- [Problem to solve]:
Please repeat each line from the one holding "This classic gold-plated" through the final line of the data, exactly as it stands, with no pictures.

- [Information provided]:
[Start of section]
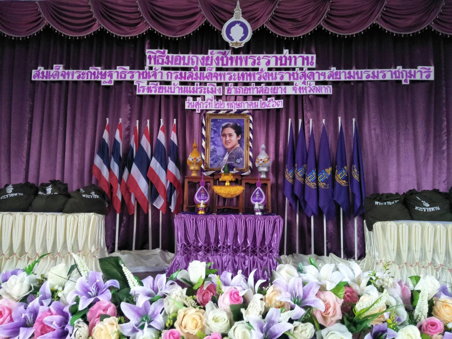 นายสมชัย กิจเจริญรุ่งโรจน์ รองผู้ว่าราชการจังหวัดตาก เป็นประธานในพิธีรับมอบถุงยังชีพพระราชทาน สมเด็จพระกนิษฐาธิราชเจ้า กรมสมเด็จพระเทพรัตนราชสุดา ฯ สยามบรมราชกุมารี ณ หอประชุมโรงเรียนแม่ระเมิง อำเภอท่าสองยาง จังหวัดตาก โดยประกอบพิธีเปิดกรวยกระทงดอกไม้ธูปเทียนแพ เบื้องหน้าพระฉายาลักษณ์ สมเด็จพระกนิษฐาธิราชเจ้า กรมสมเด็จพระเทพรัตนราชสุดา ฯ สยามบรมราชกุมารี และกล่าวสำนึกในพระมหากรุณาธิคุณ จากนั้นรองผู้ว่าราชการจังหวัดตากพร้อมด้วยนายอำเภอท่าสองยางและหัวหน้าส่วนราชการ เชิญถุงพระราชทานมอบให้แก่นักเรียน จำนวน 200 ชุด
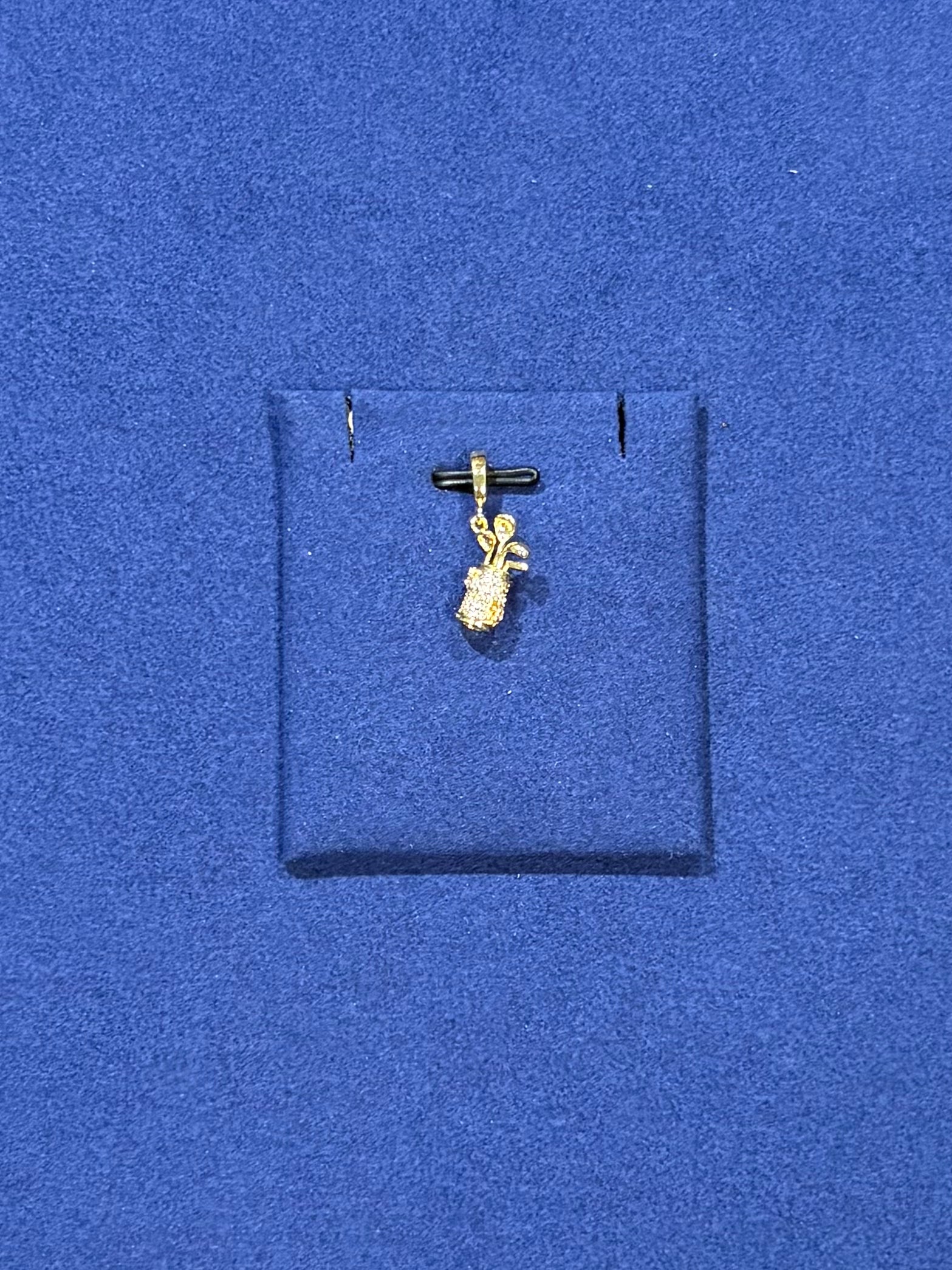 This classic gold-plated charm features golf clubs with clear stone accents.
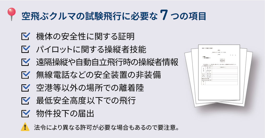 空飛ぶクルマの試験飛行には、航空法に基づく7つの許可取得が必要になります。
[End of section]
- [Task solution]:
 This classic gold-plated charm features golf clubs with clear stone accents.
 空飛ぶクルマの試験飛行には、航空法に基づく7つの許可取得が必要になります。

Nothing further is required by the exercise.